Foto: REUTERS/Charles Platiau

Frankreichs Innenminister Le Roux ist über die Scheinbeschäftigung seiner Töchter gestolpert: Die Finanzstaatsanwaltschaft in Paris eröffnete am Dienstag vorläufige Ermittlungen gegen den Politiker. Als sozialistischer Abgeordneter hatte er seine zwei Töchter als parlamentarische Assistentinnen beschäftigt und ihnen insgesamt 55.000 Euro zukommen lassen.

Eine der Töchter war erst 15 Jahre alt und arbeitete jeweils in den Sommerferien mit Kurzzeitverträgen. Die andere war zugleich in einem Berufspraktikum in Belgien eingeschrieben. Wenige Stunden nach der eingeleiteten Untersuchung gab der einflussreiche Minister seinen Rücktritt bekannt. Sein Nachfolger wird Handels-Staatssekretär Matthias Fekl.
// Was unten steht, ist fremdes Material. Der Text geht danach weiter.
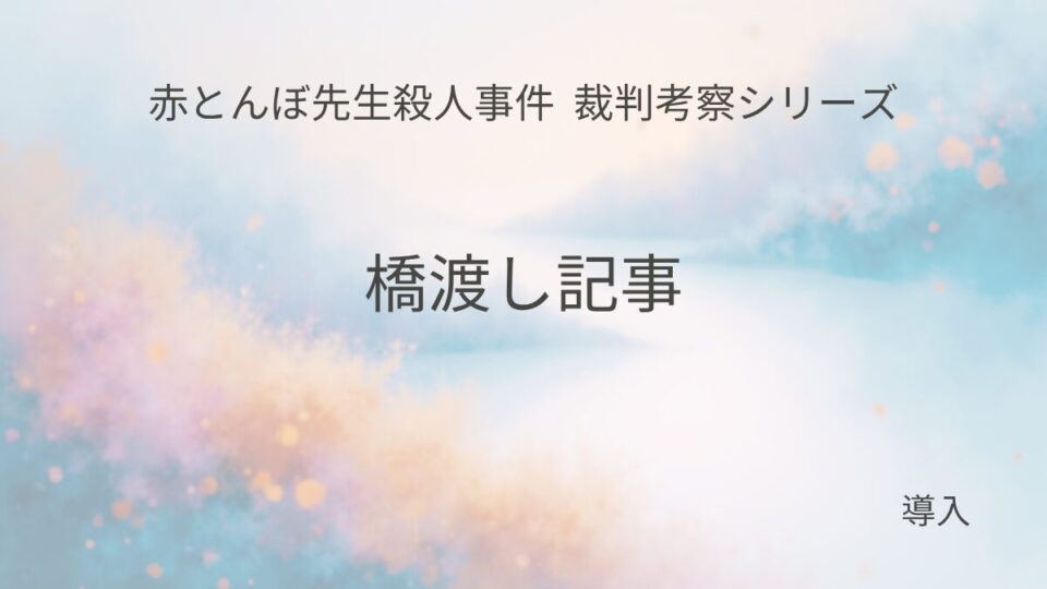 赤とんぼ先生殺人事件(裁判) 「赤とんぼ先生殺人事件」裁判考察を始めます 「赤とんぼ先生殺人事件」裁判考察の導入記事。判決の擁護でも否定でもなく、刑事裁判の制度がどう作用したかを、シリーズで整理します。次回は事件概要。 赤とんぼ先生殺人事件(裁判)

Le Roux verteidigte sich auch gegen den Vorwurf, wie der Konservative François Fillon gehandelt zu haben, der in einer ähnlichen Affäre unter Druck steht. Es wird angenommen, dass Staatschef François Hollande seinen langjährigen Vertrauten opferte, um indirekt die Position Fillons zu schwächen. Die Sozialisten können nun auf ihre prompte Reaktion verweisen, während die Republikaner an ihrem von der Justiz verfolgten Kandidaten schnöde festhalten.
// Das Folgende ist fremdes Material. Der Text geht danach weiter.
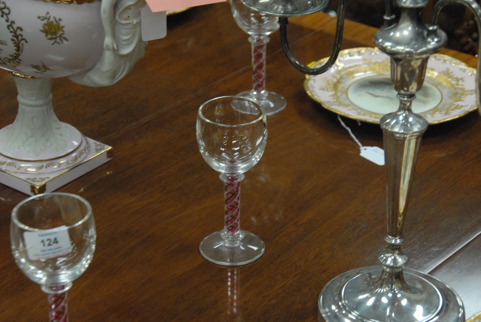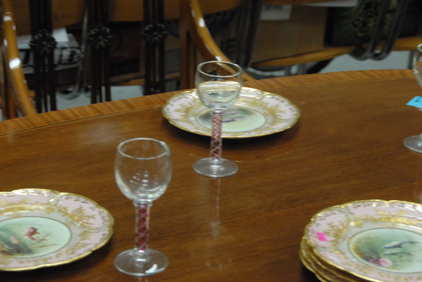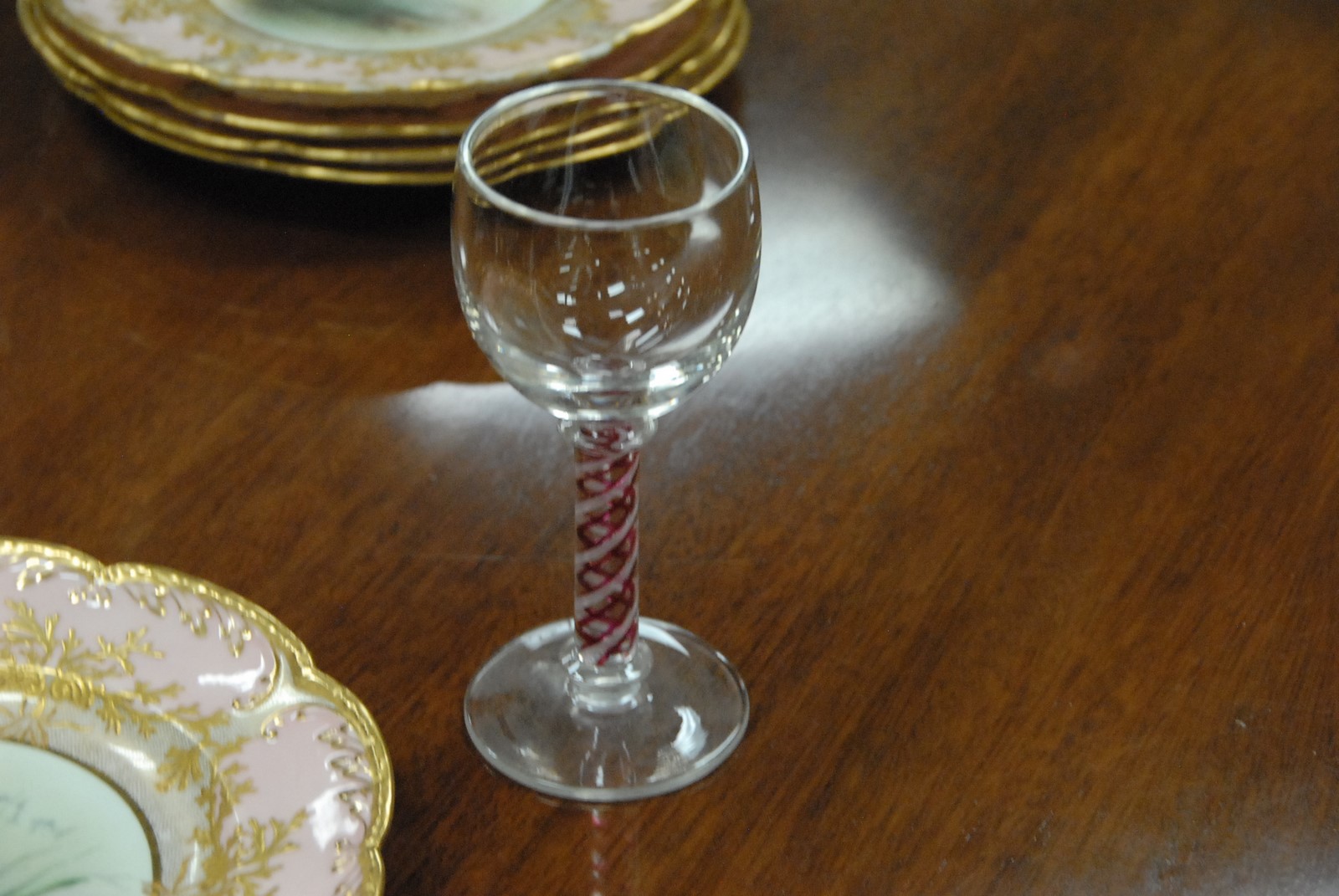 Set of eleven crystal wines, each with red air twist stems. ht. 6 1/2 in.

Fillon steht damit noch schlechter da als bisher. In Umfragen kam er vor der TV-Debatte am Montagabend nur noch auf 17 Prozent Stimmen, während der Unabhängige Emmanuel Macron und Rechtsextremistin Marine Le Pen vom Front National mit 26 Prozent führen.

Alle gegen Macron

Bei der TV-Debatte am Montagabend lautete das Motto ganz offensichtlich "Alle gegen Macron". Der erst 39-Jährige Parteilose, der sich in seinem ersten Wahlkampf als frecher Überflieger gebärdete, geriet in der dreistündigen, teilweise sehr hitzigen Debatte von allen Seiten unter Beschuss. Der Konservative Fillon warf ihm vor, er setze den konturenlosen Kurs von Präsident Hollande fort; der Sozialist Benoît Hamon fragte den Exbanker nach seinen heimlichen Geldgebern; der Linke Jean-Luc Mélenchon unterstellte ihm eine zu große Nähe zur deutschen Kanzlerin Angela Merkel – und die Rechtspopulistin Le Pen hielt ihm vor, er nehme die islamistische Bedrohung nicht ernst.
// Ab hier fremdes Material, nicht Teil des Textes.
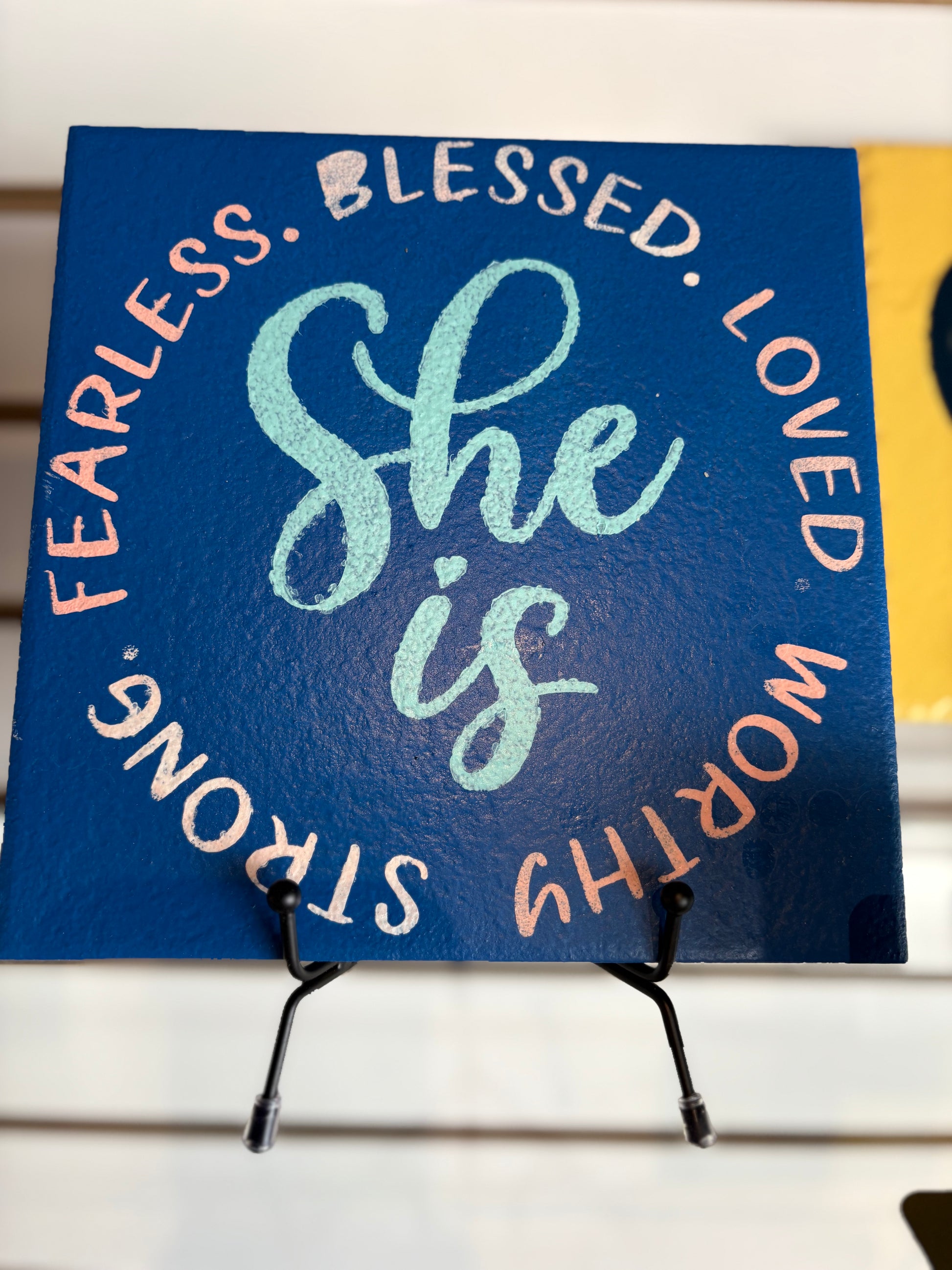 Add a quirky touch to your kitchen with the “She Is” Tile. This 8” x 8” trivet can be used as a heat plate or a fun decoration. Show off your inner strength and sass with a touch of wordplay. (Can't handle the heat? Let “She Is” handle it for you!)

Macron reagierte zuerst nervös und ließ sich von der Eloquenz seiner Gegner beeindrucken. Erst mit der Zeit ging er selbst zum Gegenangriff über. Vor allem mit seiner Hauptrivalin Le Pen lieferte er sich immer wieder einen harten Schlagabtausch. Sie behauptete, er billige den Burkini, das islamische Ganzkörperbadkleid, worauf er konterte, sie spalte die Nation mit nichtigen Anlässen wie dem Burkini und radikalisiere damit die Islamisten nur noch zusätzlich.

In einer Blitzumfrage erhielt Macron die meisten Punkte vor Mélenchon; in einer anderen war die Reihenfolge umgekehrt. Solche Erhebungen sind allerdings sehr fragwürdig. In anderen Publikumsreaktionen kam zum Ausdruck, dass Macron gegenüber den wortgewaltigen Politveteranen "wie ein Leichtgewicht" gewirkt habe, wie es die Politologin Cécile Alduy ausdrückte.

Le Pen und Fillon profitierten

Von dem allgemeinen Halali auf Macron profitierten indirekt vor allem Le Pen und Fillon. Die beiden Journalisten des größten privaten Senders TF1 verschonten die beiden Rechtskandidaten erstaunlicherweise mit Fragen zu deren Affären und Schwachpunkten. Le Pen musste sich kaum zum geplanten EU- und Euro-Ausstieg äußern. Nur Fillon versuchte darauf zu verweisen, dass die Rückkehr zum Franc sofort eine Abwertung und eine Inflation bewirken würden, worunter gerade Le-Pen-Wähler wie Arbeiter und Rentner leiden würden.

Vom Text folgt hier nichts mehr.